Figure 5. The results with changing iterations using decision tree as the binary-class classifier: (a) the Macro-F values of comparable approaches in different iterations; (b) the Macro-AUC values of comparable approaches in different iterations.

Figure 6. The results with changing iterations using neural network as the binary-class classifier: (a) The Macro-F values of comparable approaches in different iterations; (b) the Macro-AUC values of comparable approaches in different iterations.

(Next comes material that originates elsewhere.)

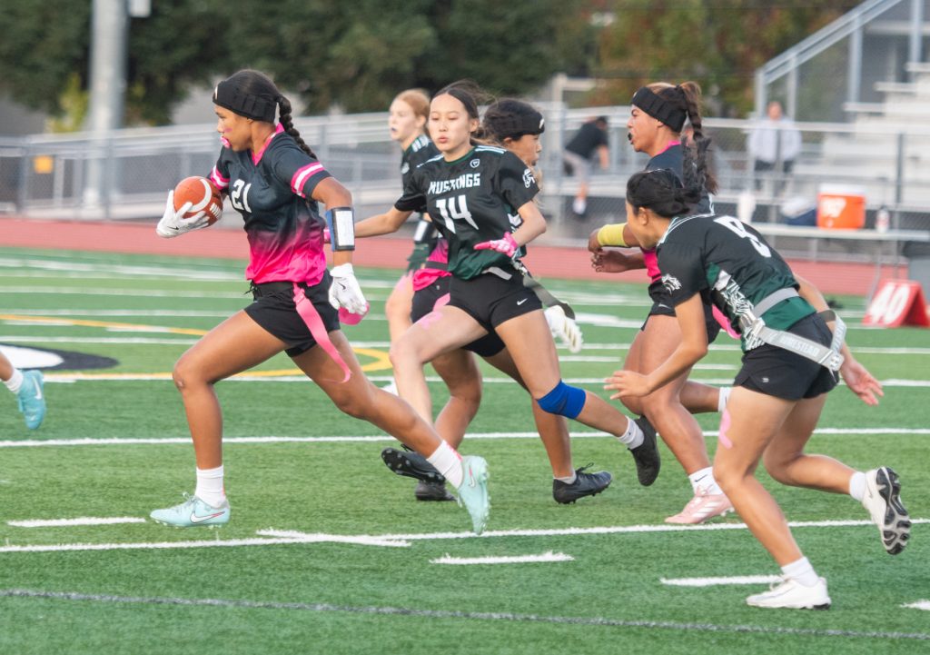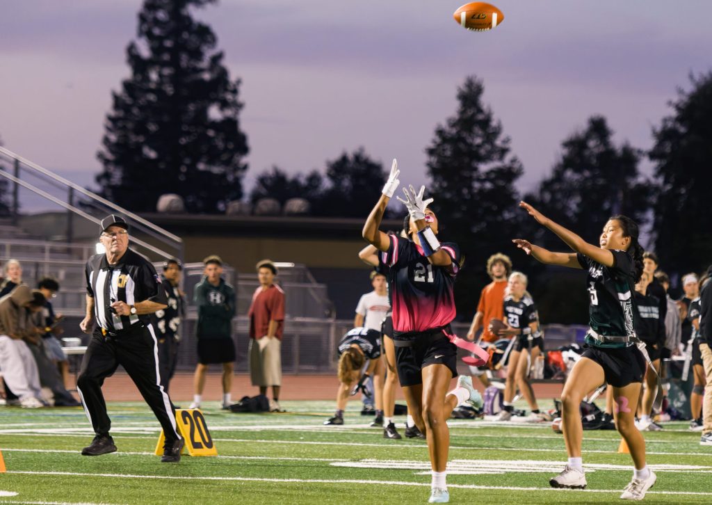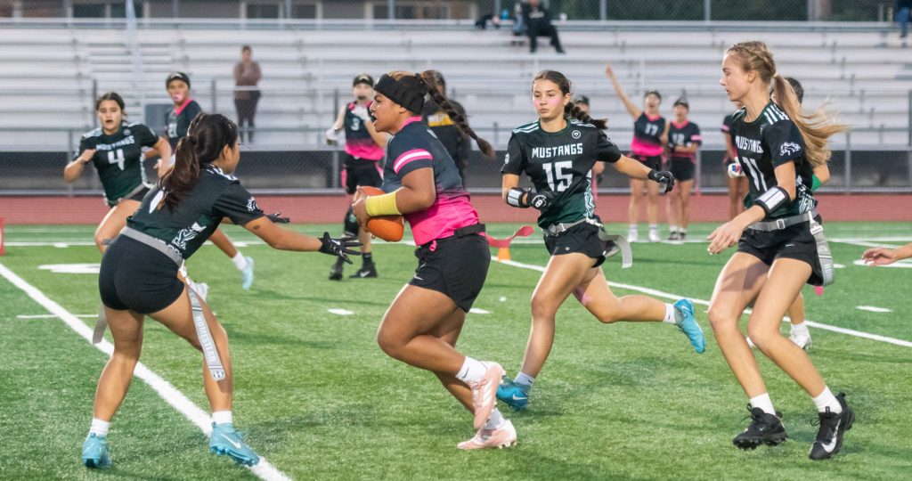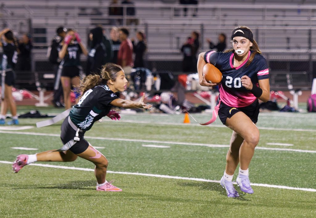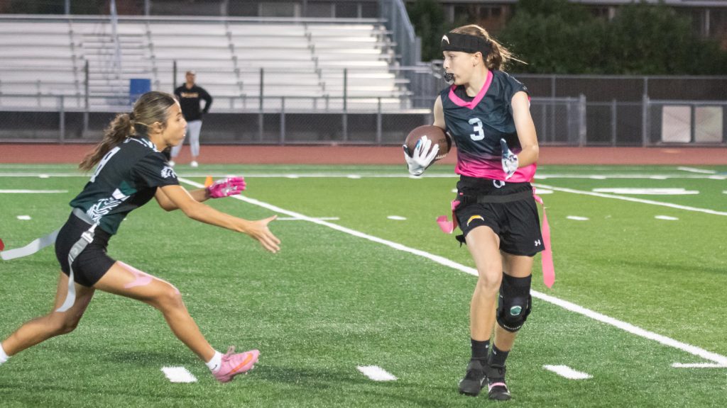 “I had no idea flag football was even a thing,” joked senior Nathalie Gonzalez on joining the team for last year’s inaugural season. “A friend kind of dragged me from track training to join. I didn’t think I was going to like it, but turns out there is nowhere else I would rather be. Flag football is definitely my sport. I’m really happy with the friends that I have met and the environment that this sport brings. There are some girls I probably wouldn’t have ever talked to until we started flag football. With that, I know have more people to say hi to in the halls. It creates so much bigger of a community than I would have had without it.”

4.6. System Implementation

The proposed approach was implemented in our previously developed system prototype that can run on personal computers. A brief introduction of the developed system is given in this section. The main working interface for clinicians is described in Figure 7a, and the laboratory test report of the current patient is shown in Figure 7b. In the work interface, the pink region shows the patient’s basic information, purple region shows the patient’s physical signs, and the green region shows the patient’s medical record. In some cases, the clinician needs to review the laboratory test results before determining his or her diagnosis. The clinician can review the laboratory test report(s) (see Figure 7b) by clicking on the left green screen. In Figure 7, the blue region demonstrates the abnormal laboratory test results, and the whole laboratory test results will be shown if the green button is clicked. In terms of the predicted model train by COCOA-RE, the orange region lists one or more possible illness of the patient to the clinician. Once the clinician accepts the suggested illness, he or she can click on the “add the recommended disease to diagnosis” button (blue button) to append the recommended illness to the diagnosis automatically. After reviewing the laboratory test reports, the clinician can get back to the main work interface (Figure 7a) to continue writing the medical record for the patient by clicking the return button on the browser.

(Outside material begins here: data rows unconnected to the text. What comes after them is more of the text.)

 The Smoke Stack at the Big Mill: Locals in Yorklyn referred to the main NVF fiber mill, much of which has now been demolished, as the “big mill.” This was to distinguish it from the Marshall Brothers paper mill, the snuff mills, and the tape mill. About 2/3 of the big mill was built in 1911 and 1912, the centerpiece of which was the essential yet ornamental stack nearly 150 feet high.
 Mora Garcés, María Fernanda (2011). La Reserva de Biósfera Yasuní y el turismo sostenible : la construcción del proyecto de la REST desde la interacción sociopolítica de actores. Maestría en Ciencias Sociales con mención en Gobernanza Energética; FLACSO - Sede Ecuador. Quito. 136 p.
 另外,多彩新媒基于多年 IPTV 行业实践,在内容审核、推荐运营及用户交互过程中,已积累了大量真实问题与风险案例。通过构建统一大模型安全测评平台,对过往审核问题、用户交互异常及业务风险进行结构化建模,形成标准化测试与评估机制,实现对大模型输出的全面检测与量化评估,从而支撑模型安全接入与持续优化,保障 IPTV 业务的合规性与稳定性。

Figure 7. Two screenshots of the developed system using COCOA-RE approach: (a) the main work interface for clinicians; (b) the interface for viewing the laboratory test report.

5. Conclusions

After analyzing real-world electronic health record data, it has been revealed that a patient could be diagnosed with having more than one disease simultaneously. Therefore, to suggest a list of possible diseases, the task of classifying patients is transferred into a multi-label learning task. However, the class imbalance issue is a challenge for multi-label learning approaches. COCOA is a typical multi-label learning approach aimed at leveraging label correlation and exploring class imbalance. To improve the performance of COCOA, a regularized ensemble approach integrated into multi-class classification process of COCOA named as COCOA-RE was presented in this paper. Considering the class imbalance problem, this method leverages a regularized ensemble method to explore disease correlations and integrates the correlations among diseases in the multi-label learning process. To provide disease diagnosis, COCOA-RE learns from the available laboratory test results and essential information of patients and produces a multi-label predictive model. Experimental results validated the effectiveness of the proposed multi-label learning approach, and the proposed approach was implemented in a developed prototype system that can assist clinicians to work more efficiently.

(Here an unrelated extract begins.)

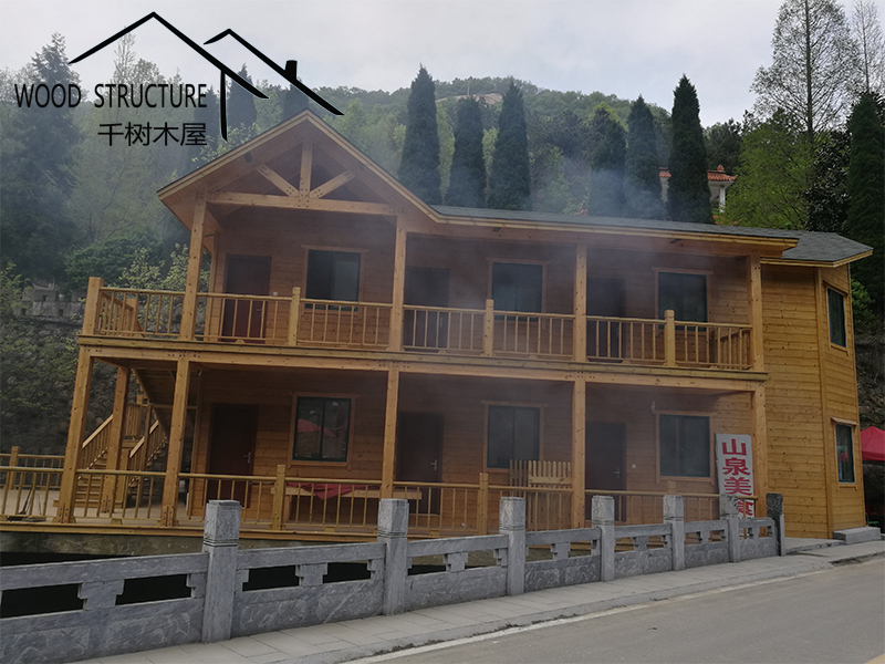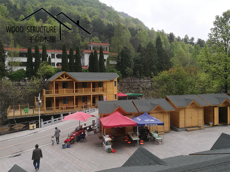 風(fēng)景名勝區(qū)的復(fù)式辦公樓木屋和20個售賣小木屋由河南千樹木業(yè)有限公司(以下簡稱千樹木屋)設(shè)計并建造。

The features extracted from laboratory test reports and essential information of patients were also considered in this paper. In our further works, features selected from more sources like textual and monitoring reports will be integrated to construct a more comprehensive profile of patients. To ensure the efficiency of the decision support system for medical diagnosis, an effective feature selection method should be used to reduce the increasing number of integrated features. In addition, multi-label approaches would process large-scale clinical data in a slow rapid, which is required to develop a more efficient multi-label learning method.